So there's just the text, what you call the text nodes.
And then, there are attributes, and attributes are always on the start tags.
So the phone and the email, and
they are key-value pairs using double quotes, as the type="intl".
And the key thing about XML versus HTML is we get to make up the tags.
In HTML we say things like h1 or a for the anchor tag,
or h1 for header level one.
Here, based on how we are going to agree between the two applications exchanging
data, you can say the tag is person and /person.
You still have to follow the rules, though, there is a slash tag at the end.
So attributes. And then you can also have a self-closing tag.
And that is, you just include this /> at the end of the open tag.
And it's as if you have a closing tag of the same name with an empty text area.
And so that's what this is saying, so that's a self-closing tag.
Okay, like I said the whitespace doesn't really matter so much.
We can pull these things up, we tend to indent them
like any kind of programming environment to help our own reading.
But, in general, whitespace,
except in the middle of things like these text areas, the whitespace does matter.
But, sort of, between here and here, the whitespace doesn't matter.
Between here and here, the whitespace doesn't matter.
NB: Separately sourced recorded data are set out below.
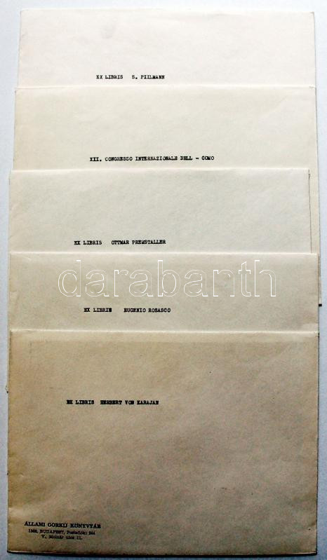Beschreibung: 5 db jelzett ex libris, közte Herbert von Karajané, fametszet, papír.
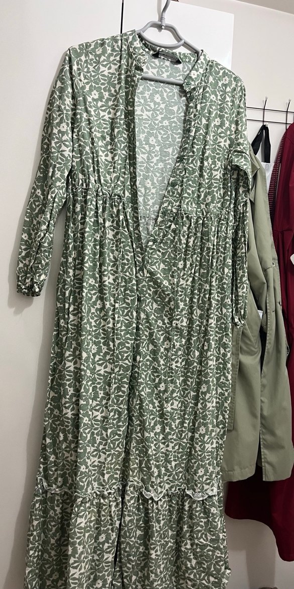 Uzun kollu, bol kesim ve drapeli tasarıma sahip, yeşil-gri desenli bohem tarzda uzun elbise.
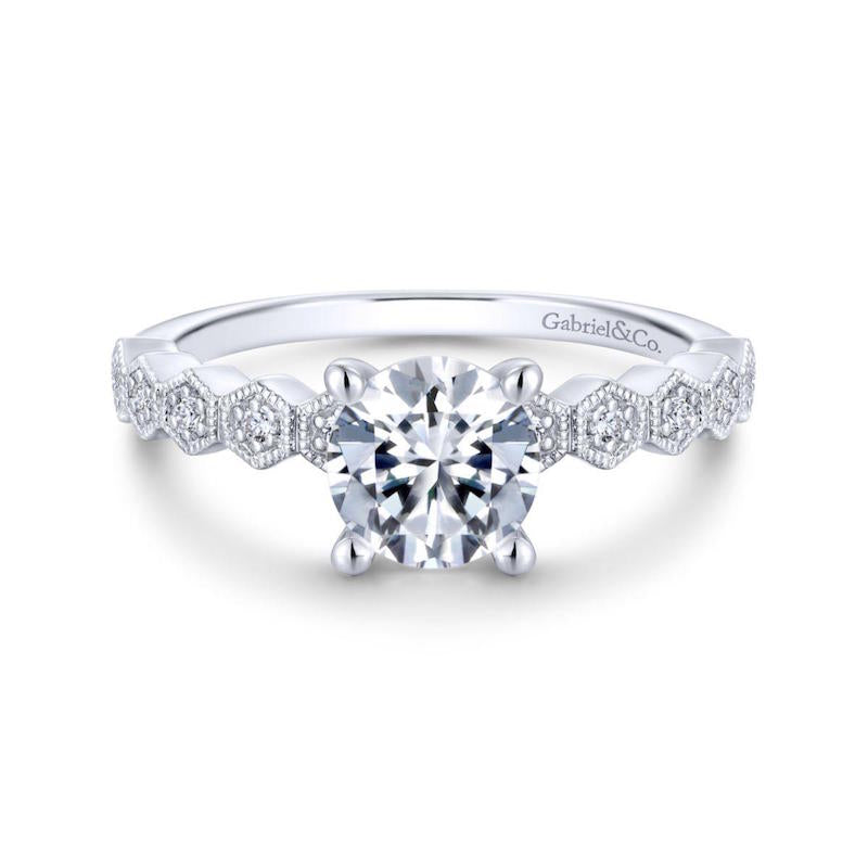 Gabriel & Co. 14k White Gold Victorian Straight Engagement Ring

So the whitespace, these extra spaces that I used to indent it,
it doesn't really matter.
The only time it matters is in between, when you're in a text area.
Here's some sample XML, just to give you some ideas.
Here we have, there's always one big outer tag of XML,
you have the start tag and an end tag.
And there's only one of those, because I can't be, sort of, multiply defined.
There's always the outer tag. We see a series of attributes. Right?
So the attributes are key equals and
then double=quoted string, key equals double=quoted string.
And if you look at the HTML, you'll see that this is exactly the same as HTML.
The difference is in HTML you're supposed to have a thing called href= "blah,
blah, blah", right?
And so HTML is kind of like XML that's more highly specified.
Whereas this is just two programs agree on a format and they use it.
So we have an outer tag that's a complex element.
And then we have, like
in that title, you can have sort of things that are in order, like this ingredient.
You see some attributes on there, and
then you have a text block in the middle of here.
So we'll see in a second how these things all work. And then a sub tag.
It's like a tree, we'll see that in a second, and a series of steps.
And so these can be in order, they can be more than one of these things.
And we can create all kinds of structures that are really designed based on
the needs of our working two applications that are trying to cooperate.
So tags are the beginning and the end.
Attributes are key-value pairs on the start tag.
Serialization and deserialization is the act of taking from an internal structure
in one programming environment, sending it across the network.
Deserialization is receiving across the network and
translating it back into an internal structure on the destination computer.